BEGIN

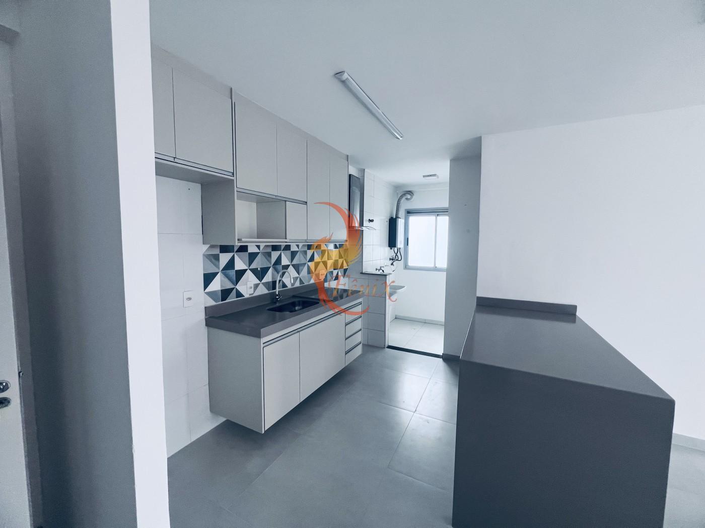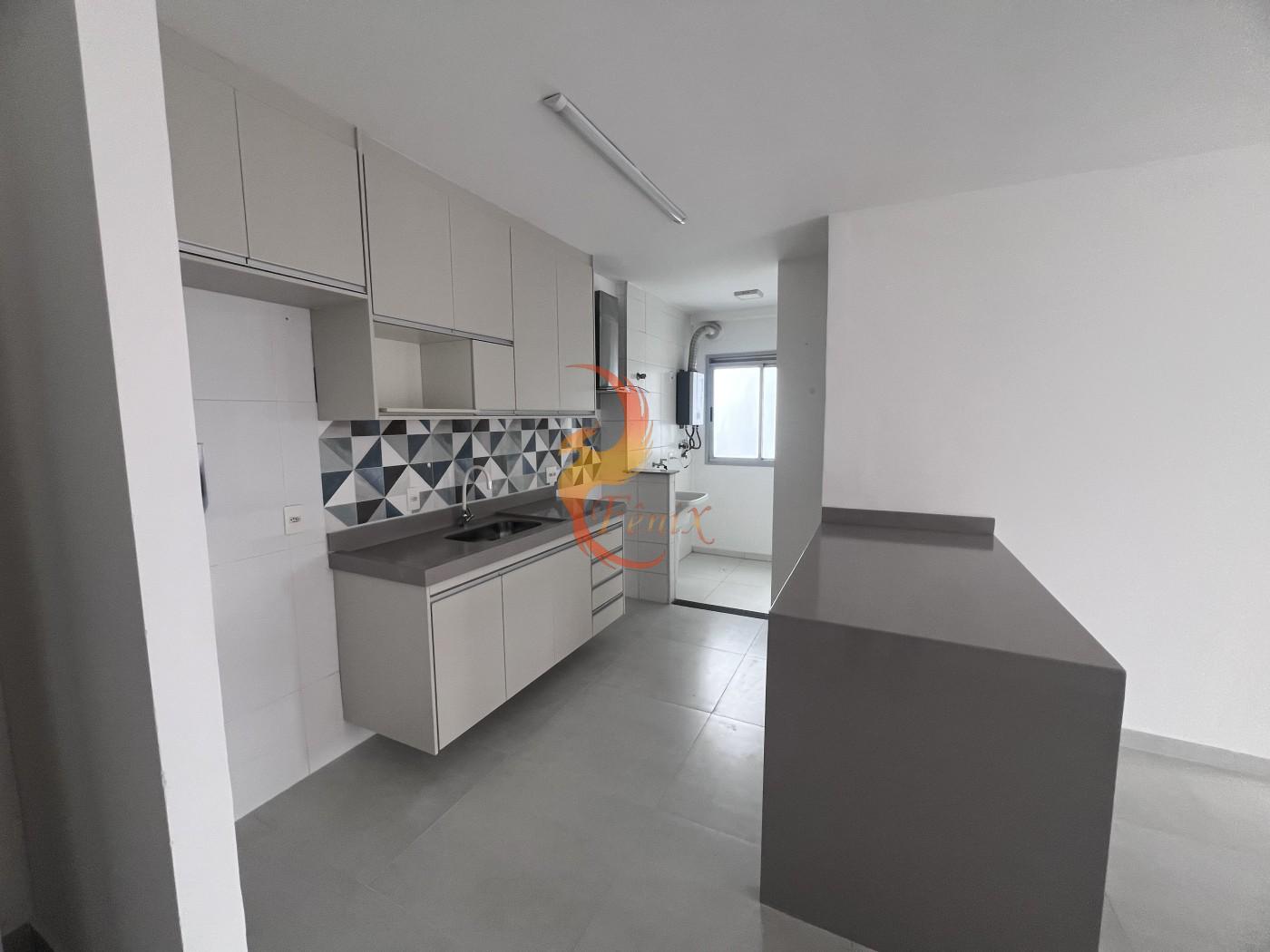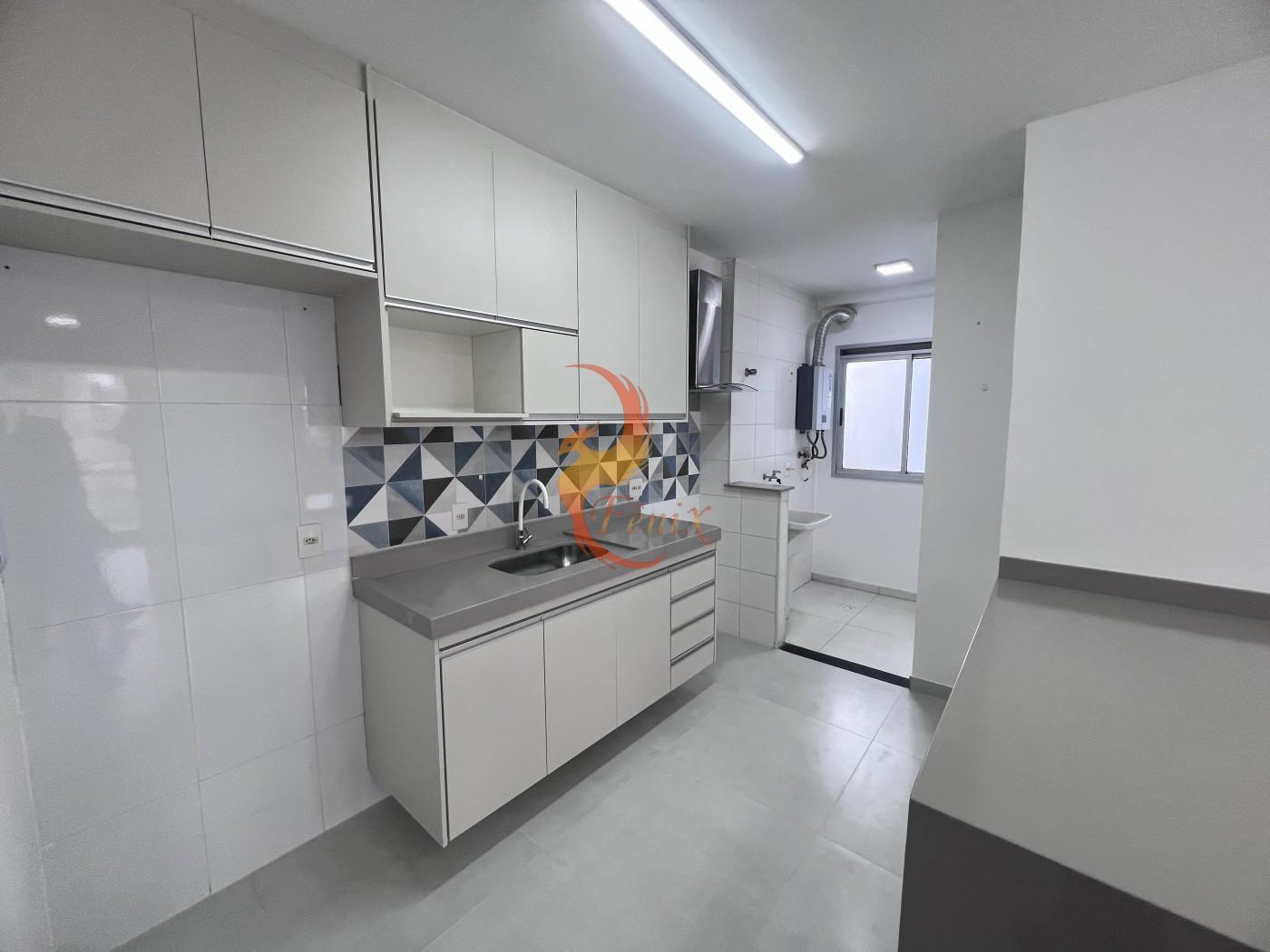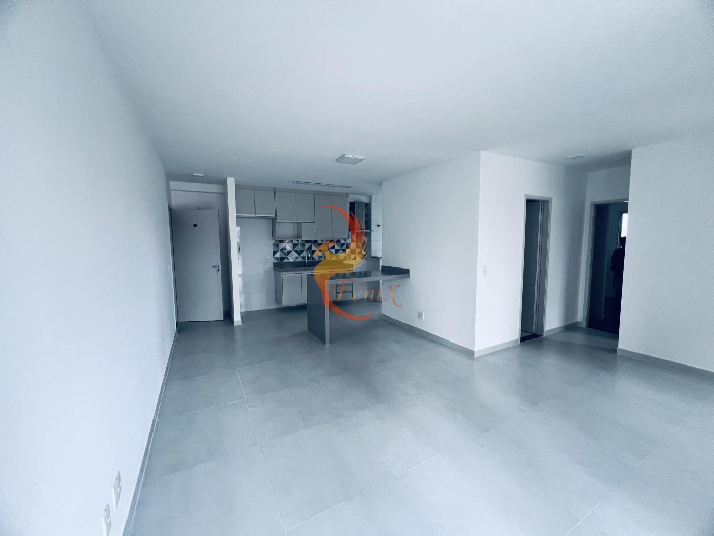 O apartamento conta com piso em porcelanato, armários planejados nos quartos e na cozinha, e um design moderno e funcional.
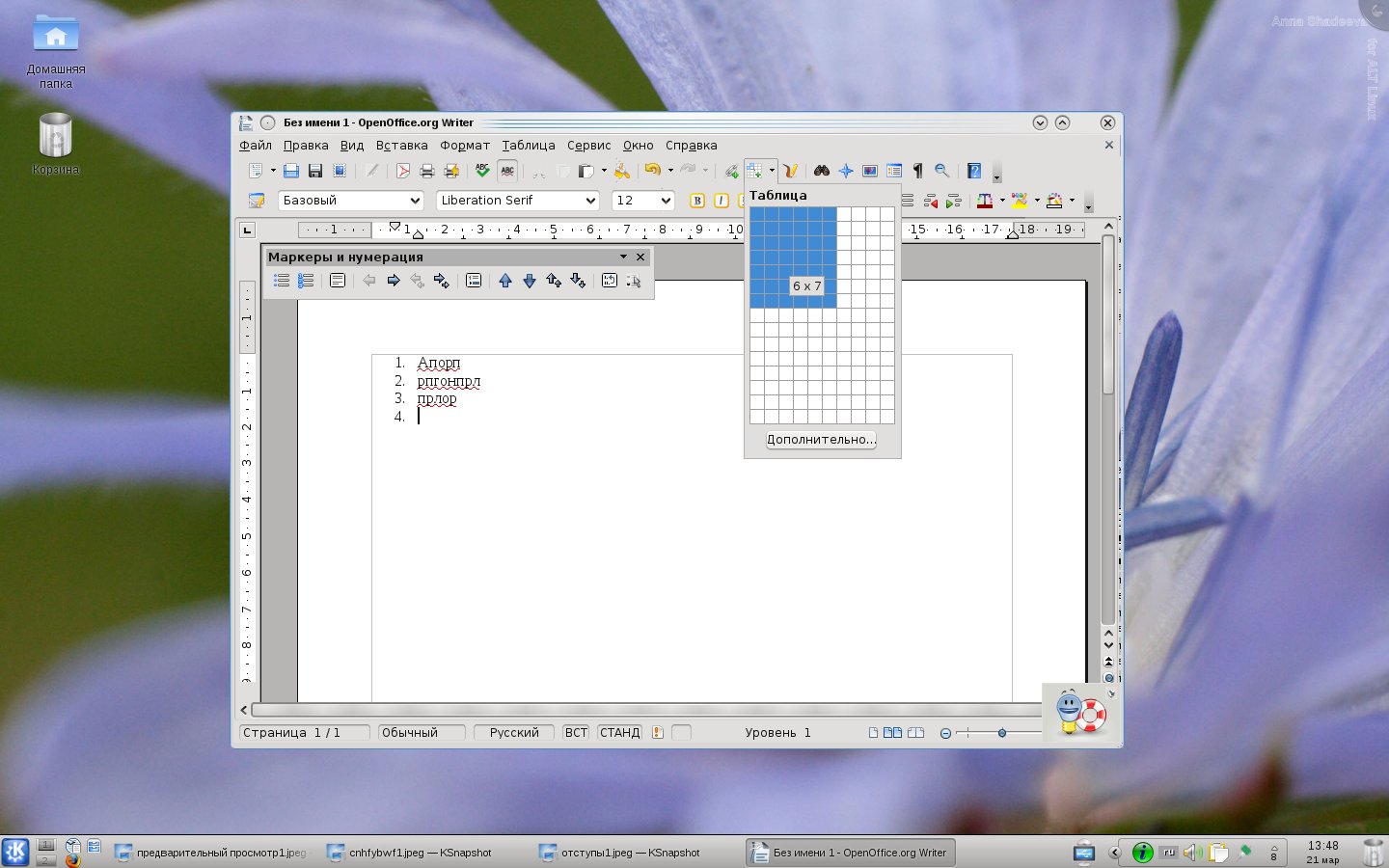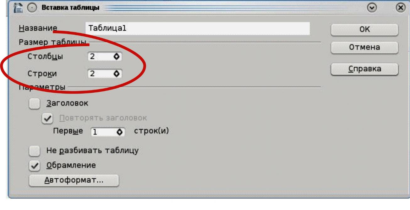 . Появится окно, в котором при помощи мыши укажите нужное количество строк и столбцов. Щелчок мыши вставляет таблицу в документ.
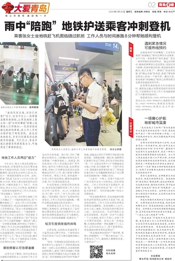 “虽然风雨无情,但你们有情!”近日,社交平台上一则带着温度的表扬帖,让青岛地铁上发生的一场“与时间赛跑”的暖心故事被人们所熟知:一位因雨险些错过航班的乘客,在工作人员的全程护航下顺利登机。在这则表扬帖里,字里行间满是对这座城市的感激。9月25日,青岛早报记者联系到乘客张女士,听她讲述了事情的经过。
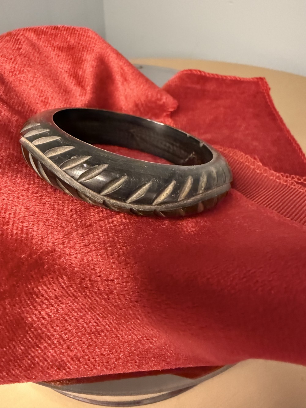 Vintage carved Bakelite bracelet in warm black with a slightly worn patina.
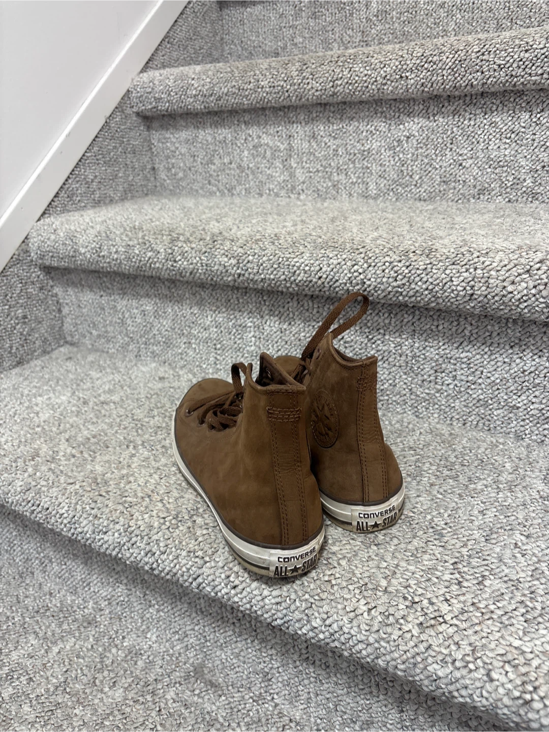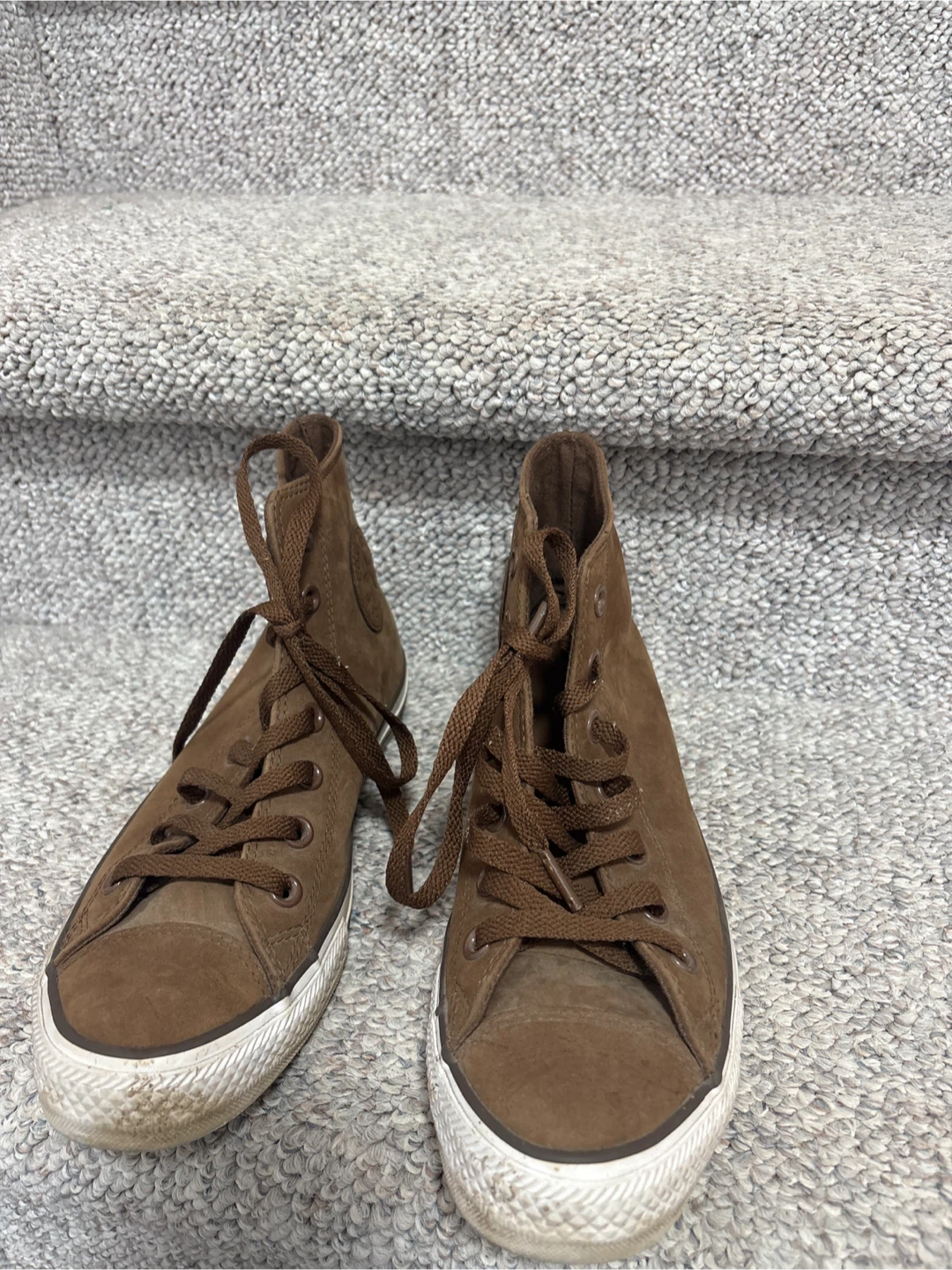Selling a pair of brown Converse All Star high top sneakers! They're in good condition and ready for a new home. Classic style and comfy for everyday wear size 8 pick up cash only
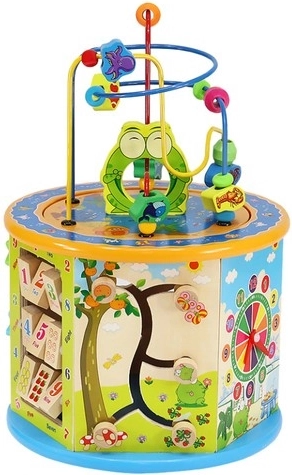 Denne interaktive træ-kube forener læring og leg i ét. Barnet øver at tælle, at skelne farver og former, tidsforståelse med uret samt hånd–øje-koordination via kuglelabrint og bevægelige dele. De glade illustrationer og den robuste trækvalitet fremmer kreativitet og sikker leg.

END

Excluding the pictures, write out exactly the lines from the line that contains "таблицу в документ." through the end of the records.

Answer for this exercise
 . Появится окно, в котором при помощи мыши укажите нужное количество строк и столбцов. Щелчок мыши вставляет таблицу в документ.
 “虽然风雨无情,但你们有情!”近日,社交平台上一则带着温度的表扬帖,让青岛地铁上发生的一场“与时间赛跑”的暖心故事被人们所熟知:一位因雨险些错过航班的乘客,在工作人员的全程护航下顺利登机。在这则表扬帖里,字里行间满是对这座城市的感激。9月25日,青岛早报记者联系到乘客张女士,听她讲述了事情的经过。
 Vintage carved Bakelite bracelet in warm black with a slightly worn patina.
Selling a pair of brown Converse All Star high top sneakers! They're in good condition and ready for a new home. Classic style and comfy for everyday wear size 8 pick up cash only
 Denne interaktive træ-kube forener læring og leg i ét. Barnet øver at tælle, at skelne farver og former, tidsforståelse med uret samt hånd–øje-koordination via kuglelabrint og bevægelige dele. De glade illustrationer og den robuste trækvalitet fremmer kreativitet og sikker leg.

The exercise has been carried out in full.